Records from a dataset
****************

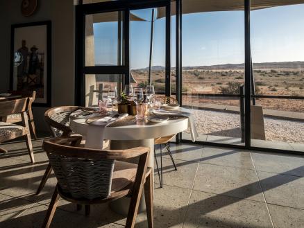 Schauen, so weit der Blick reicht – auch die Hauptgebäude von The Desert Grace bezaubern mit Transparenz. An der Bar oder auf dem Deck schmeckt der kreativ gemixte Sundowner. Bei Ihrem Dinner treffen Sie andere Gäste oder Sie genießen die Zeit zu Zweit – Ihre Wünsche werden sicher erfüllt. Denn: Es ist Ihre Privatreise durch Namibia!
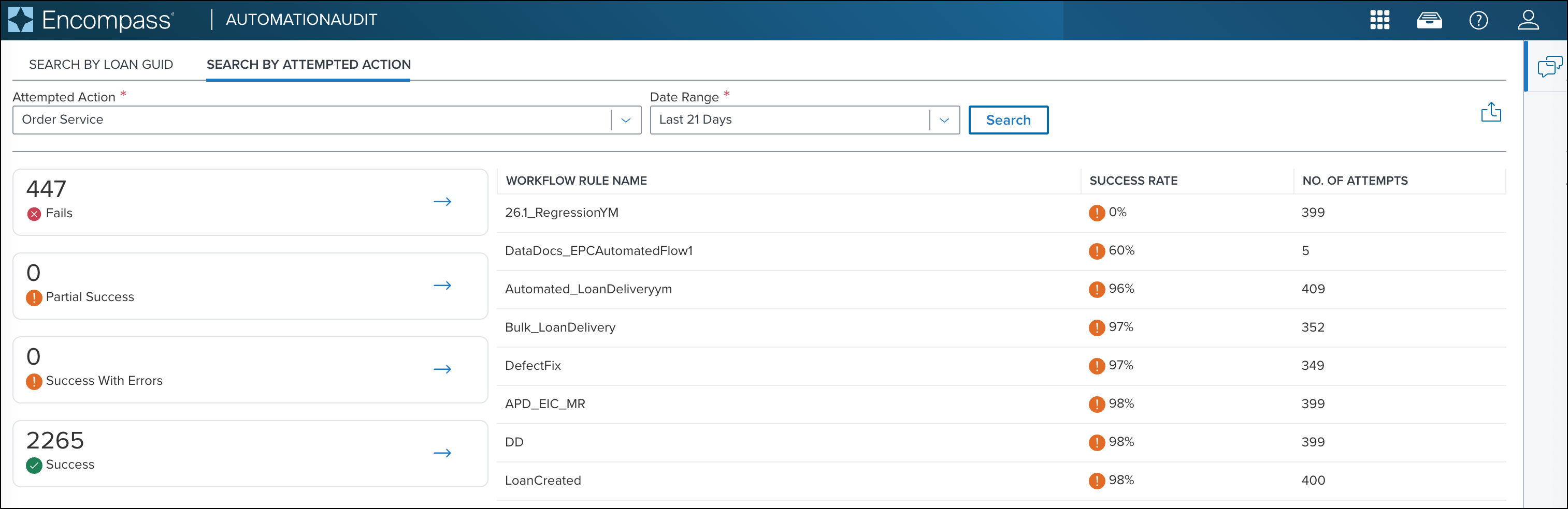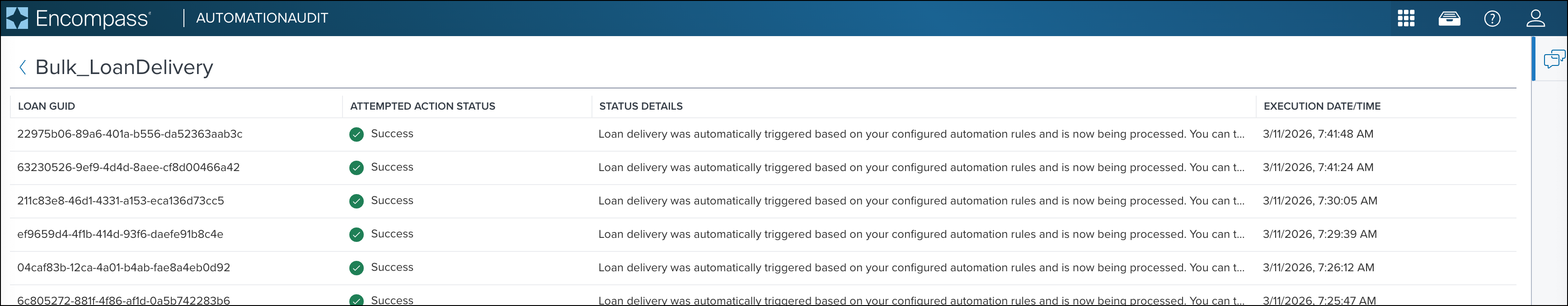 The Automation Audit page enables you to view the details of packages delivered using automation. The page offers you two views, by loan GUID or by attempted action.
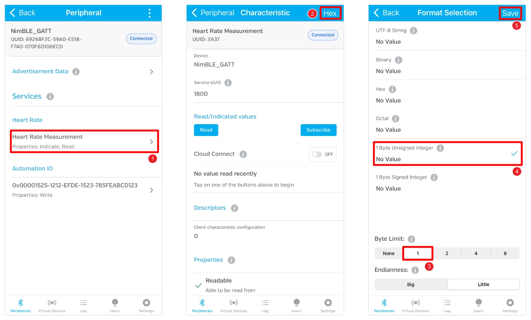 Click to enter the "Heart Rate Measurement" characteristic. Then click "HEX" in the top right corner to set the data type. Set "Byte Limit" to 1, select "1 Byte Unsigned Integer", and save for easier data viewing later.
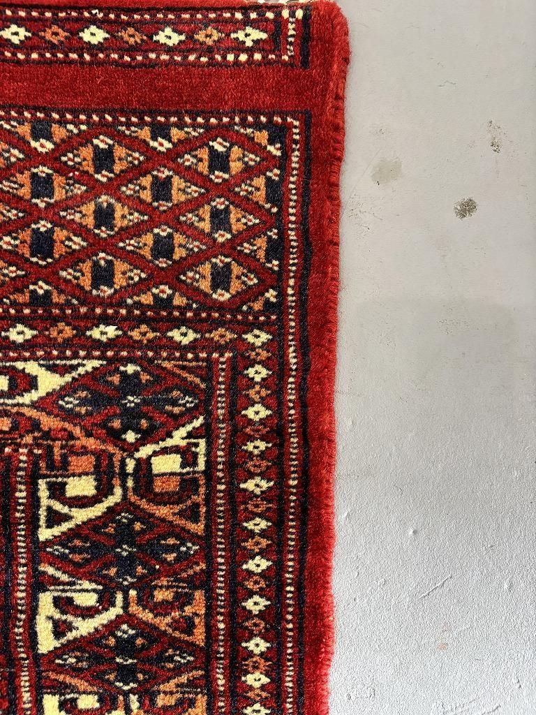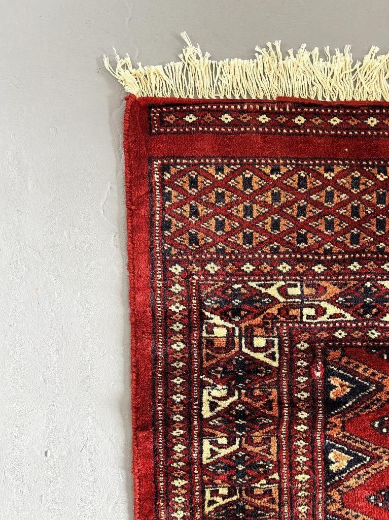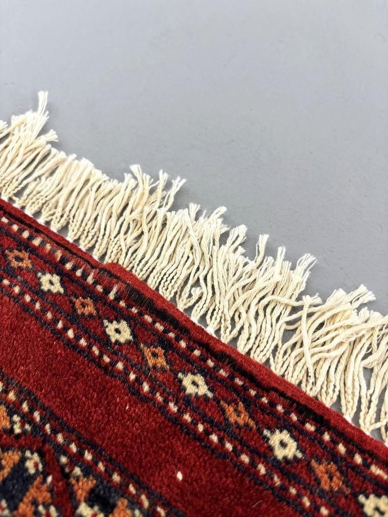 ハンドノット(手結び)により一枚一枚つくられており、赤をベースに、中央に菱形の幾何学模様が縦に並ぶ1枚。
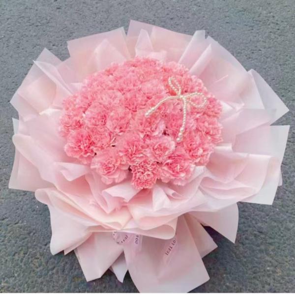 材质: 精选33朵粉色康乃馨,珍珠蝴蝶结
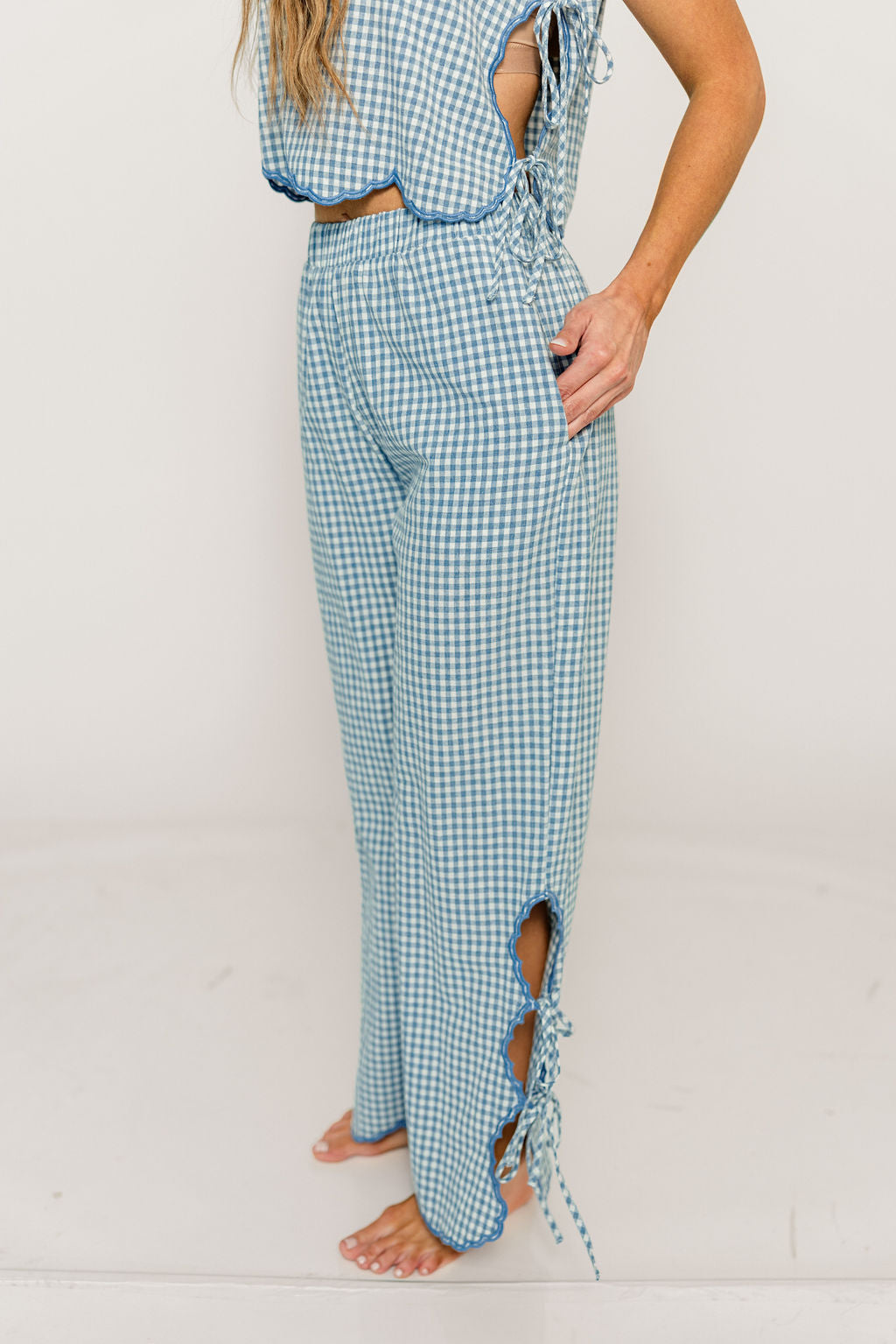 GARMENT DETAILS: Charming gingham-print pants with elasticated waistband, wide-leg silhouette, and adjustable side ties at the hem. Features contrast color trim and dual side pockets.
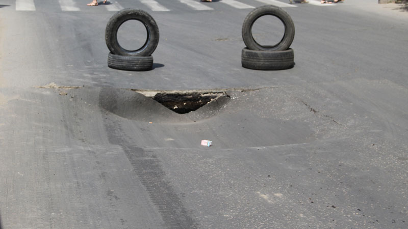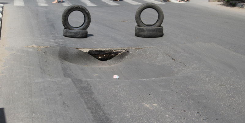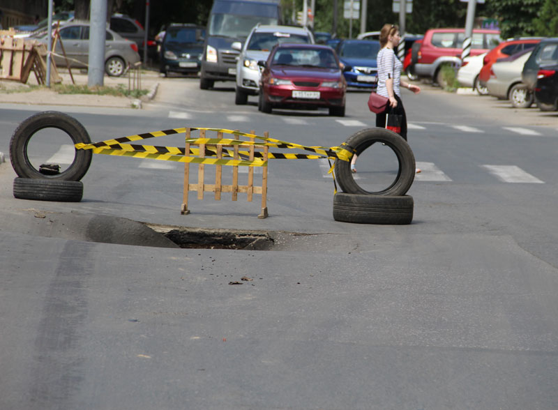 Под жарким летнем cолнцем, перегреваются не только люди и автомобили, но «тает» и асфальт. Глубокий провал образовался на улице Степана Разина, в районе пересечения с Московской в сторону Б. Казачьей. Сотрудники расположенного рядом шиномонтажа, обозначили его покрышками, К моменту приезда «Дорожного контроля» на место прибыл сотрудник дорожной службы для ограждения опасного участка, перекрывшего фактически половину дорожного полотна. Один из рабочих попытался изменрить глубину ямы лопатой, но у него это не вышло, т.к. черенок полностью ушел в провал.

****************

_EXERCISE OBJECTIVE:_ Return nothing but the lines running from the start of the data to the line with "材质: 精选33朵粉色康乃馨,珍珠蝴蝶结", please, both ends included and no pictures.

_SOLVED PROBLEM:_
 Schauen, so weit der Blick reicht – auch die Hauptgebäude von The Desert Grace bezaubern mit Transparenz. An der Bar oder auf dem Deck schmeckt der kreativ gemixte Sundowner. Bei Ihrem Dinner treffen Sie andere Gäste oder Sie genießen die Zeit zu Zweit – Ihre Wünsche werden sicher erfüllt. Denn: Es ist Ihre Privatreise durch Namibia!
 The Automation Audit page enables you to view the details of packages delivered using automation. The page offers you two views, by loan GUID or by attempted action.
 Click to enter the "Heart Rate Measurement" characteristic. Then click "HEX" in the top right corner to set the data type. Set "Byte Limit" to 1, select "1 Byte Unsigned Integer", and save for easier data viewing later.
 ハンドノット(手結び)により一枚一枚つくられており、赤をベースに、中央に菱形の幾何学模様が縦に並ぶ1枚。
 材质: 精选33朵粉色康乃馨,珍珠蝴蝶结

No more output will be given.